Nuclear Waste Tomb Under Sea to Cost £83 Billion

A vast tomb under the sea planned to house the UK's growing stockpile of radioactive waste is set to become the country's longest and most expensive infrastructure project.

The Geological Disposal Facility (GDF) project has been so delayed that the UK now needs to construct a network of tunnels through 36 square kilometres of rock to create a vast cavern deep underground to hold radioactive waste built up from seven decades of civil nuclear power generation, the Telegraph reports. The latest estimate from scientists at the Nuclear Waste Services (NWS), which is designing it, is that it will take more than 150 years to complete and will cost £83 billion in total. That takes it beyond the £57.8 billion Hinkley Point C nuclear power station and the £75.3 billion London to Birmingham HS2 rail line as the biggest construction projects ever built in the UK.

The Geological Disposal Facility (GDF) will be several kilometres below the seabed. (Image: Yahoo)

The Royal Albert Hall has a volume of 100,000 cubic metres and the volume of radioactive waste that needs a home is eight times that. The cavern system needed will be even bigger because it also includes tunnels, so the UK will need to excavate more than double that volume of rock. The waste includes 110,000 tonnes of uranium, 6,000 tonnes of spent nuclear fuel and about 120 tonnes of plutonium, most of which is stored at the Sellafield site in Cumbria.

The finished structure will be even larger because the estimates do not include waste from a new generation of nuclear power stations that the government is planning. No site has been chosen for the GDF but after five decades of deliberation, the list of possible locations is down to two. One is off the Lincolnshire coast, next to the popular seaside resort of Mablethorpe. The other is off the Cumbrian coast round Copeland, another tourist area. At both sites, the plan is to sink a vertical shaft 1,067 metres deep and then construct a network of horizontal tunnels at a depth of several kilometres under the seabed.

In them, workers will carve out vast caverns in layers of impermeable clay and mudstone. Scientists hope they will provide a final resting place for the UK's radioactive waste. Once they are full, the caverns will be backfilled with cement and sealed shut, forever.

The UK has to undertake such a huge disposal operation because of the nature of radioactive materials. Plutonium, for example, has a half-life of 24,000 years while uranium-238 has a half-life of 4.5 billion years.

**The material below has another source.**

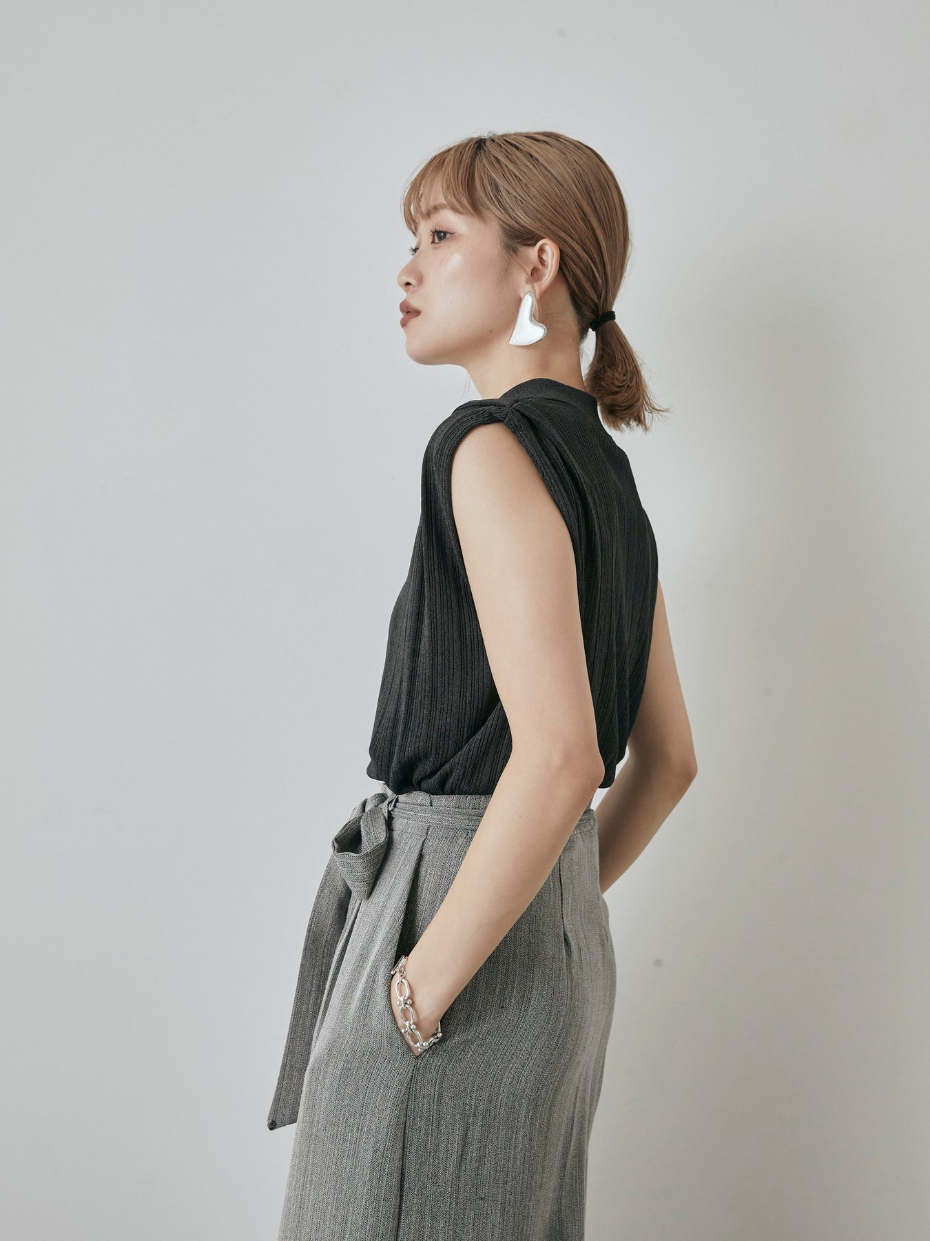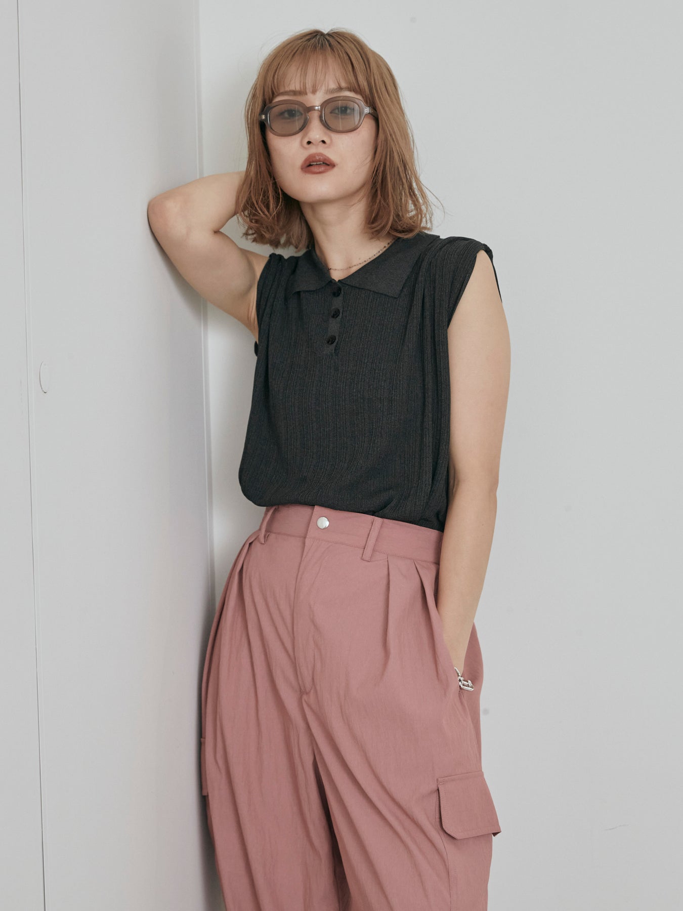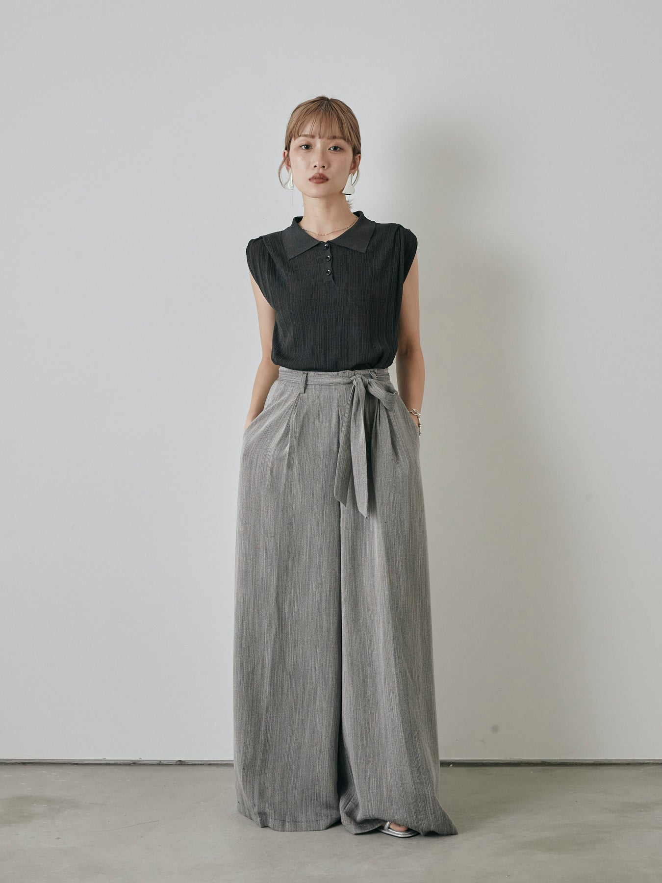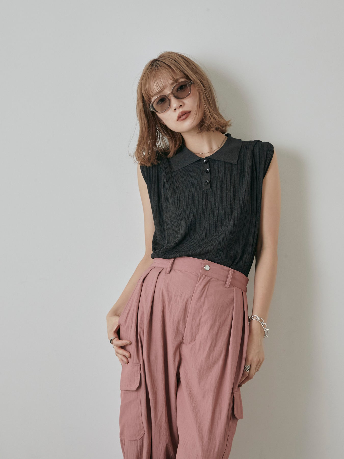 ランダムピッチのリブ編みがさりげなく表情を生み出す、クラシカルな印象のポロニットベスト。 ノースリーブながらも肩にかかるスリーブラインと襟付きデザインで、きちんと感と抜け感を両立した一枚です。 やわらかなニット素材がボディに優しくフィットし、コンパクトすぎない絶妙なシルエットに。 バスト上はほんのり透け感のある編地で、さりげないニュアンスをプラスしています。 パンツにもスカートにも合わせやすく、インでもアウトでも着映えする万能トップス。 ジャケットのインナーとしても活躍し、ロングシーズン使えるベーシックアイテムです。

That means the UK's nuclear waste will remain dangerous long after human civilisation has disappeared. "The scale of this is profound," said Neil Hyatt, chief scientific adviser at NWS, pointing out that keeping such a vast quantity of waste safe for such a long time can never be cheap.

Management of nuclear waste has been a problem for decades. Claire Corkhill, professor at the University of Bristol and a member of the government's Radioactive Waste Management Advisory Board, said the nuclear industry cannot be sustainable without a disposal facility.

Environmental campaign groups such as Guardians of the East Coast in Mablethorpe and South Copeland Against GDF in Cumbria are campaigning against it with petitions and demonstrations. Their secretary, Richard Outram, said tourism in both areas would be killed if they became nuclear waste dumps. In 2022 alone, about 4.5 million visitors went to Mablethorpe.

Summary

The UK is planning to build a vast underground tomb to store its radioactive waste, which will be the country's most expensive and longest infrastructure project. The Geological Disposal Facility (GDF) is estimated to cost £83 billion and will take more than 150 years to complete. It will be built several kilometres below the seabed and will be large enough to hold eight times the volume of the Royal Albert Hall.